Alle sei mi decido ad affrontare la realtà: devo andare a casa sua, mi farà la faraona, gliel’ho chiesta io: non so se, dopo le mie parole, cambierà qualcosa tra noi, e quella faraona, fatta con tanto amore e complicità, è una delle cose più dolci della nostra storia.

Sulla strada, sto al telefono con “la signora”, un’amica con qualche anno in più di me, che oramai conosco da una decina di anni, sicuramente un po’ matta, soprattutto perché non s’arrende al fatto che la vita può essere ingiusta talora e, come me, non riesce quasi mai a vedere il lato bello della vita, e sembra campare di rimpianti e rimbrotti. Ma è una cara donna, e mi vuole molto bene, e in questo momento persino sentire quaranta minuti dei suoi problemi mi tira un po’ su.

Ma adesso viene il peggio.

Gli porto il suo PC, facciamo quattro chiacchiere, io ho veramente molta fame, così gli chiedo se possiamo accelerare il sacrifizio della faraona.

Non ho voglia di vedere il TG, il TG mi mette ansia per definizione, così mi metto a cambiare canale subito dopo i titoli, sento i suoi mugugni, ha pure ragione, anche se cambio canale gli eventi restano quelli, ma tant’è.
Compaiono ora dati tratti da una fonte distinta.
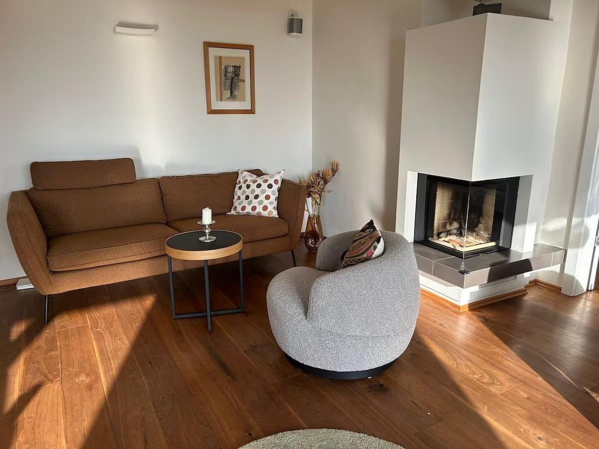 Im Eingang finden sie eine gut ausgestattete Gardeobe, weiter geht es in das gemütliche, sonnenbestrahlte Wohn- und Esszimmer mit offener und komplett ausgestatteter Küche und einer angrenzenden Terrasse -wo man mit Blick auf die Stadt und Umgebung seinen ersten Frühstückscafe oder Tee geniessen kann.

La faraona era buonissima.

Ci sediamo sul divano, su Italia 1 danno Man In Black.

È l’intervallo tra il primo e il secondo tempo, spengo la TV.

“ti devo dire una cosa”

“cosa?” mi guarda con un po’ di incertezza

“sai, ho fatto il test, quello per la sifilide e per l’HIV, sono positivo, ho l’HIV”

“davvero?”

“sì, ho tanta paura”

“vieni qui”

Ci abbracciamo, mi stringe forte, scoppio in lacrime.

“non volevo che finisse così”

“sciocchino, non è finito nulla non dire così”
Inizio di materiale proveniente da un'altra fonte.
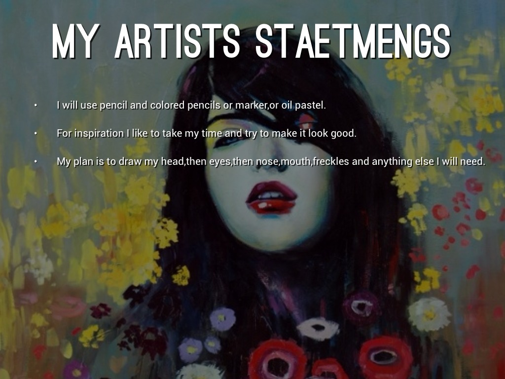 My plan is to draw my head,then eyes,then nose,mouth,freckles and anything else I will need.

Com’è dolce, mi rassicura come se fossi il suo bambino, mi stringe e mi bacia.

“dài, non ti preoccupare, farai le tue cure e vedrai, su”

Continua ad abbracciarmi mentre passa il secondo tempo, poi andiamo a letto.

Era da tanto che non sentivo tanta dolcezza nei suoi abbracci, è veramente bello.

Sono le nove e mezza, ma prendiamo sonno lo stesso, io aiutato da una nuova pastiglia del mio caro antidepressivo.

2 commenti:

Unknown ha detto...

Bè, qui ho pianto pur'io... ahahahha... :-)

io ha detto...

mi procurerò un secondo lavoro: romanzi d'appendice per le riviste da parrucchiere :-)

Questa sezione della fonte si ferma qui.